How Rfam families are built
Seed alignments and secondary structure annotation
Rfam :ref:`glossary:Seed alignment` is a small, curated set of representative sequences for each family, as opposed to an alignment of all known members. The seed alignment also has as a secondary structure annotation, which represents the conserved secondary structure for these sequences.
The ideal basis for a new family is an RNA element that:
- has some known functional classification
- is evolutionarily conserved
- has evidence for a secondary structure
In order to build a new family, we must first obtain at least one experimentally validated example from the published literature. If any other homologues are identified in the literature, we will add these to the seed. Alternatively, if these are not available, we will try to identify other members either by similarity searching (using :ref:`glossary:Infernal`) or manual curation.
Where possible we will use a multiple sequence alignment and secondary structure annotation provided in the literature. If this is the case, we will cite the source of both the alignment and the secondary structure. You should note that the structure annotations obtained from the literature may be experimentally validated or they may be RNA folding predictions (commonly :ref:`glossary:Mfold`). Unfortunately, we do not discriminate between these two cases when we cite the PubMed Identifier (PMID) and you will need to refer to the original publications to clarify.
Alternatively, where this information is not available from the literature, we will generate an alignment and secondary structure prediction using various software, such as :ref:`glossary:WAR` or :ref:`glossary:RNAalifold`. This software allows us to cherry pick the best alignment and secondary structure prediction. Historically, the methods used to make these alignments and folding predictions have varied. Author names added to the list indicate that the published or predicted secondary structure has been manually curated in some way. The last author on the list will be the most recent editor of the secondary structure. You can find the method we have used for the seed alignment or the secondary structure annotation in the SE and SS lines of the :ref:`glossary:Stockholm format` or in the curation information pages.
From the seed alignment, we use the Infernal software to build a :ref:`glossary:Covariance model (CM)` for this family. This model is then used to search the :ref:`glossary:rfamseq` database for other possible homologs.
Expanding the seed (iteration)
If the CM search of rfamseq identifies any homologs that we believe would improve the seed, we use the Infernal software (cmalign) to add these sequences to the seed alignment. From the new seed, the CM is re-built and re-searched against rfamseq. We refer to this process of expanding the seed using Infernal searching as iteration. We continue to iterate the seed until we have good resolution between real and false hits and cannot improve the seed membership further.
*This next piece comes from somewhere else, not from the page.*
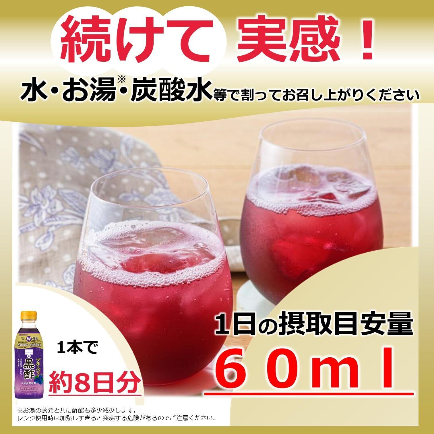 6倍希釈タイプです。本品60ml(希釈後360ml)に食酢(黒酢)の主成分である酢酸750mgを含んでいます。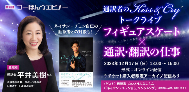 対談形式で、同書の翻訳作業についてや、平井さんが通訳を務めたネイサン・チェン選手の出版記念来日イベントでのエピソードについて、選手の言葉をいかに訳すか、フィギュアスケートの通訳・翻訳の難しさや工夫、やりがいについてなど、「フィギュアと通訳・翻訳」について存分に語っていただきます。

Important points to remember about seed alignments
- We can only build families using the sequences in rfamseq
- We can only build a family where we can identify more than one sequence in rfamseq
- Sequences in the seed cannot be manually altered in any way, e.g. no manual excision of introns, no editing of sequencing errors, no marking up modified nucleotides etc
- At least one sequence in the seed will have some experimental evidence of transcription, e.g. northern blot or RT-PCR, and, preferably, some evidence of function
- The secondary structure should ideally have some experimental support (such as structure probing, NMR or crystallography) and/or evidence of evolutionary conservation. We do, however, use and generate predicted structures
- Each seed sequence will be a significant match to the corresponding covariance model. A significant score is generally greater than 20 bits.
Rfam full alignments
The Rfam :ref:`glossary:full alignment` contains all of the sequences in rfamseq that we can identify as members of the family. The alignment is generated by searching the covariance model for the family against the rfamseq database. Matches that score above a :ref:`glossary:Gathering cutoff` are aligned to the CM to produce the full alignment. All sequences in the seed will also be present in the full alignment.
In order to provide some background and functional information about a family, we link to a Wikipedia page that provides relevant background information on the family. We have either linked to an existing page or we have created the page ourselves in Wikipedia. As this annotation is hosted by Wikipedia, you are free to edit, correct and otherwise improve this annotation and we would encourage you to do so.
All our phylogenetic trees are generated using fasttree.